Morgan Stanley says IPO rebound is feeding its wealth business
CFO Sharon Yeshaya said workplace ties with private companies are helping turn IPO activity into wealth management asset growth.
By Daniel Okafor · Business Editor
3 min read
Morgan Stanley said a stronger IPO market helped lift its second-quarter results and feed its wealth management business. CFO Sharon Yeshaya told investors the bank is using relationships built through investment banking to bring employees and executives into longer-running advisory and savings products.

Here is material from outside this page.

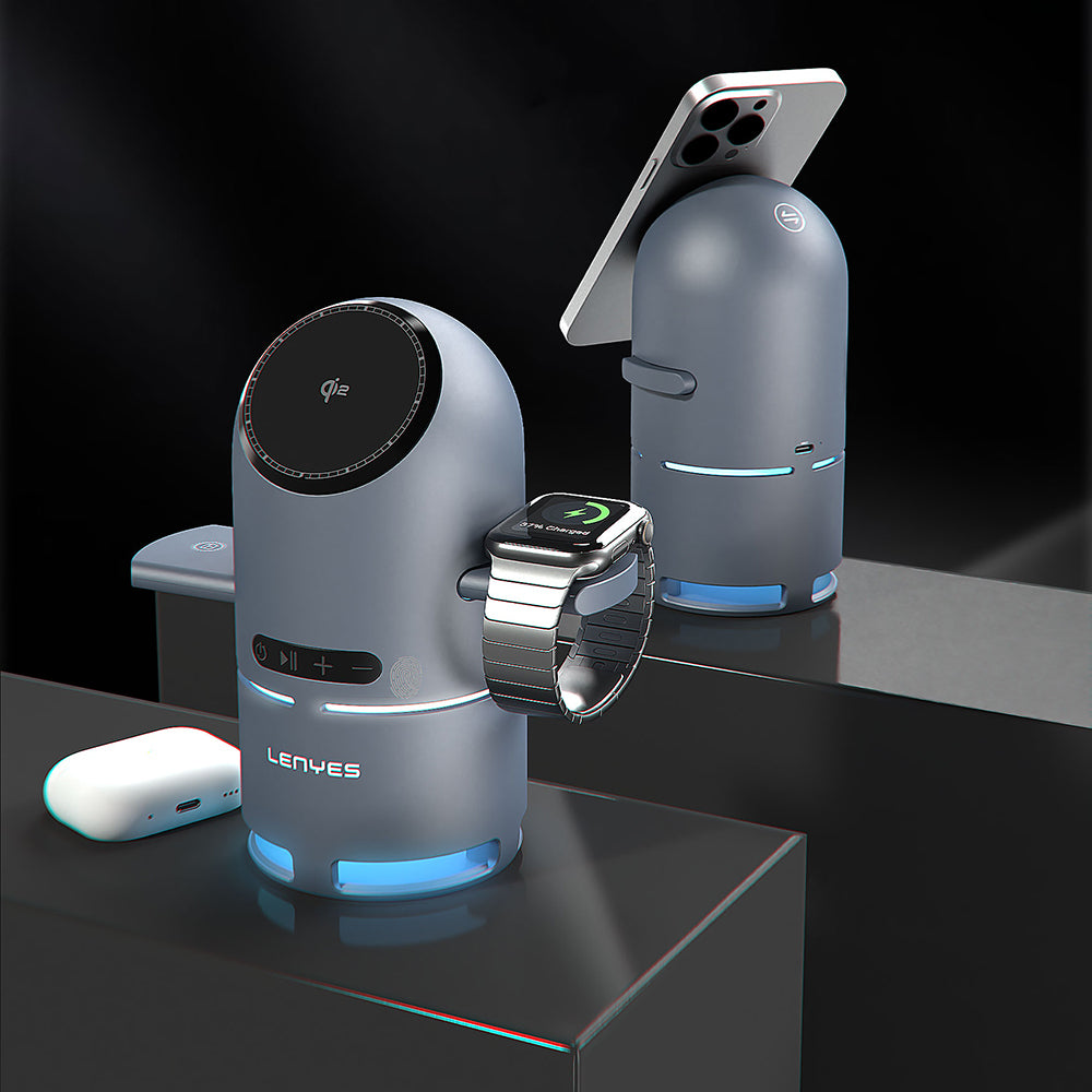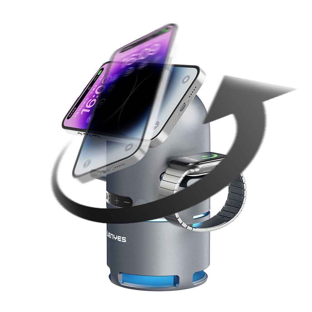 Lenyes PW321 Qi2 Şarj Teknolojili Bluetooth Speaker Hoparlör Özellikli Telefon&Akıllı Saat&Kulaklık 15W 4in1 Kablosuz Şarj Standı Gri

The bank reported second-quarter revenue of $21.3 billion, up 27% from a year earlier, according to Morgan Stanley. Diluted earnings per share rose 58%, with the company citing growth in investment banking and trading.
Yeshaya presented the quarter as evidence of a broader strategy rather than a market upswing alone. Morgan Stanley reported a record $148 billion in net new assets, more than twice the level from the same quarter last year.
On Wednesday’s earnings call, Yeshaya said more than half of those new assets came from employees at companies that went public during the quarter. She said Morgan Stanley has invested for years in its workplace channel, which gives the bank access to employees before and after liquidity events.
“We have about 70% of the top 100 unicorns by market cap in terms of our workplace pipeline,” Yeshaya said on the call. She added that the firm has focused on serving those companies early and described the effort as “a long game.”
IPOs feed a broader wealth strategy
Fortune reported that Morgan Stanley and Goldman Sachs served as joint lead underwriters for SpaceX’s June IPO, with Goldman Sachs taking the lead-left position and Morgan Stanley banker Michael Grimes playing a major role. For Morgan Stanley, the listing fit a wider model in which an underwriting relationship can lead to wealth management accounts tied to employees, founders and executives.
Yeshaya described IPOs as the entry point into fee-based advice. According to her comments, Morgan Stanley’s route from workplace relationships into wealth management includes 401(k) plans, E*Trade, savings products and Lead IQ, a tool that connects employees with financial advisers.
The bank’s goal, Yeshaya said, is to become the “principal financial advisor” across roughly 20 million client relationships. She said retention efforts, referral models, vesting schedules, timing differences and company capital structures all affect when workplace-related assets become revenue.
Morningstar also pointed to stronger operating momentum at the bank. The research firm raised its fair value estimate for Morgan Stanley to $184 from $165, citing a better outlook for trading revenue growth and about 640 basis points of margin expansion in 2026.
CEO Ted Pick also pointed to a healthier market for listings, telling investors that “the IPO exit opportunity is real.” Morgan Stanley’s latest results show how the bank is trying to convert those capital markets events into recurring wealth management revenue after the underwriting fees are booked.
This story draws on original reporting from Fortune.